**What the task asks**
Only the pictures are to be dropped, and the rest of the data should be copied exactly.

**Data below**
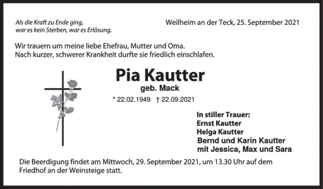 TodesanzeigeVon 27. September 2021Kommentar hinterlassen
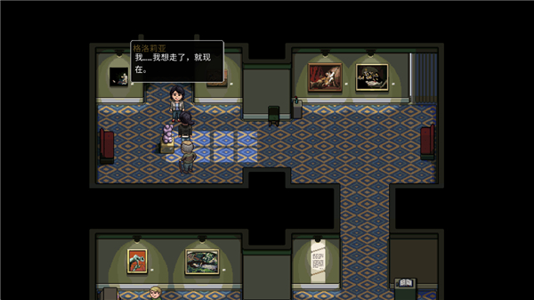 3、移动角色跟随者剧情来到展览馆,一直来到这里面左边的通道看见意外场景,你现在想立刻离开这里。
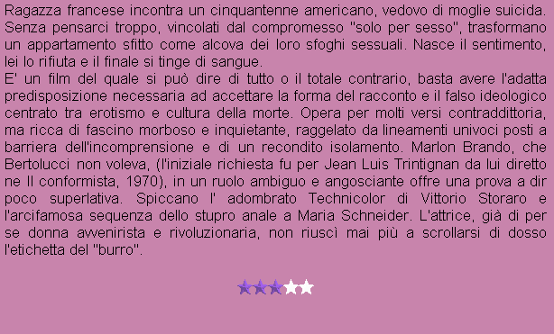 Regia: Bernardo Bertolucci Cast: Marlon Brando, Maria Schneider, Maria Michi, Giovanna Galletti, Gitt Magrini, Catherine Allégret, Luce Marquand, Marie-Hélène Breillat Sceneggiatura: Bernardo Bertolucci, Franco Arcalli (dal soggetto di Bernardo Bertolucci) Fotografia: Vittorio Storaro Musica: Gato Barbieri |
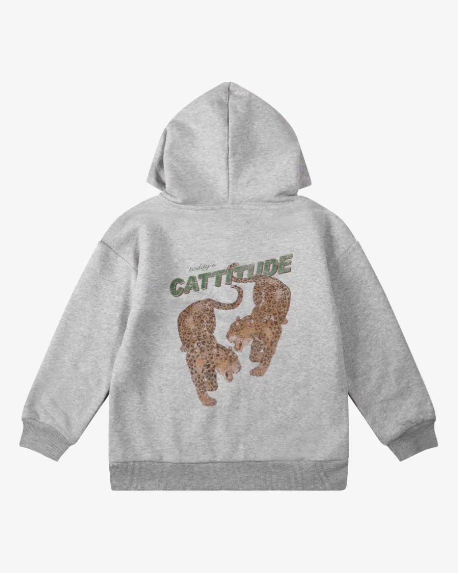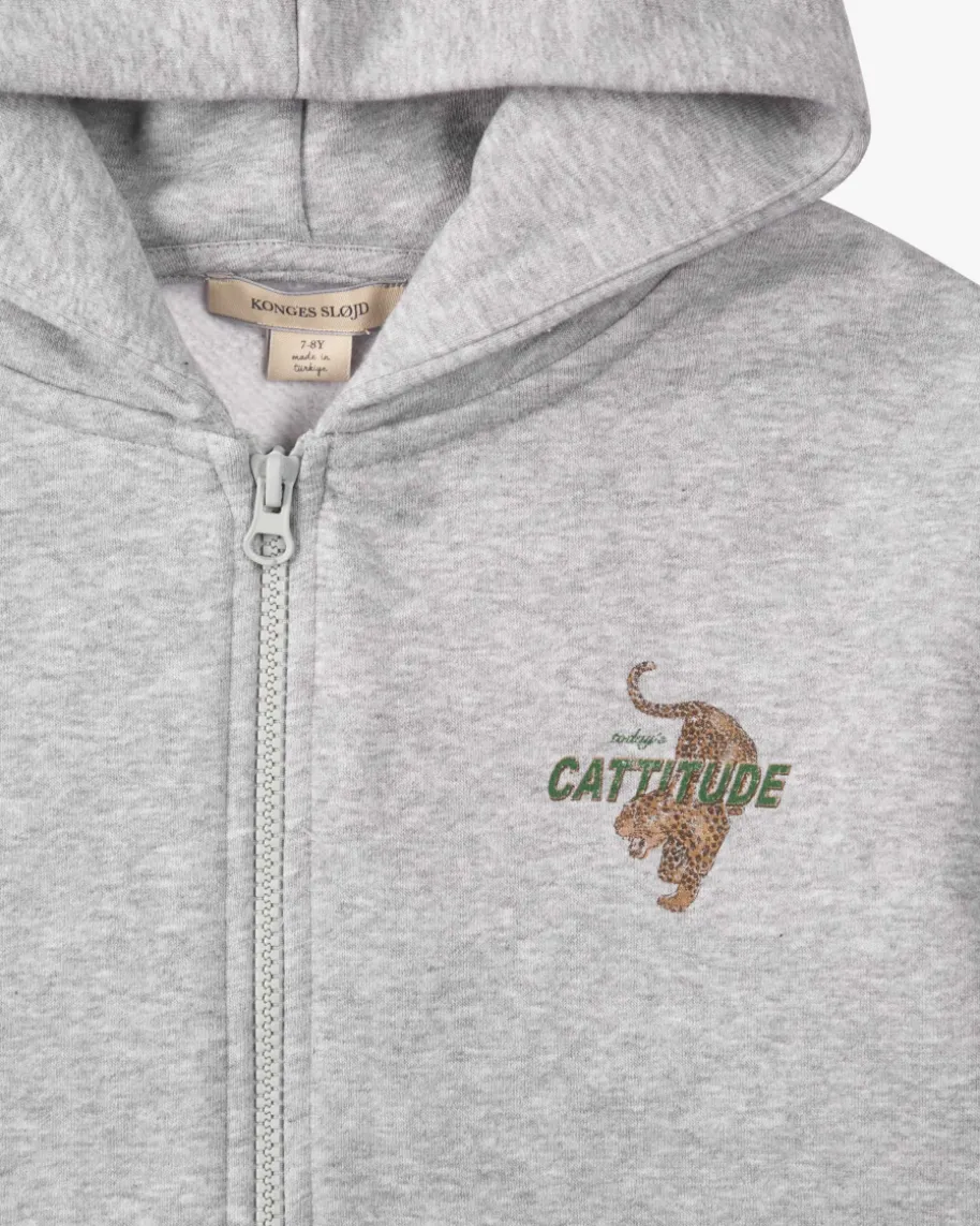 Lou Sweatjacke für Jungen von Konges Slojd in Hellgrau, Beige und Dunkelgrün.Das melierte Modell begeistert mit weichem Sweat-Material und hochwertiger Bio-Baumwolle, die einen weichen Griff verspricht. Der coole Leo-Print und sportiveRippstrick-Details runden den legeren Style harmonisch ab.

**Output of the exercise**
 TodesanzeigeVon 27. September 2021Kommentar hinterlassen
 3、移动角色跟随者剧情来到展览馆,一直来到这里面左边的通道看见意外场景,你现在想立刻离开这里。
 Regia: Bernardo Bertolucci Cast: Marlon Brando, Maria Schneider, Maria Michi, Giovanna Galletti, Gitt Magrini, Catherine Allégret, Luce Marquand, Marie-Hélène Breillat Sceneggiatura: Bernardo Bertolucci, Franco Arcalli (dal soggetto di Bernardo Bertolucci) Fotografia: Vittorio Storaro Musica: Gato Barbieri |
 Lou Sweatjacke für Jungen von Konges Slojd in Hellgrau, Beige und Dunkelgrün.Das melierte Modell begeistert mit weichem Sweat-Material und hochwertiger Bio-Baumwolle, die einen weichen Griff verspricht. Der coole Leo-Print und sportiveRippstrick-Details runden den legeren Style harmonisch ab.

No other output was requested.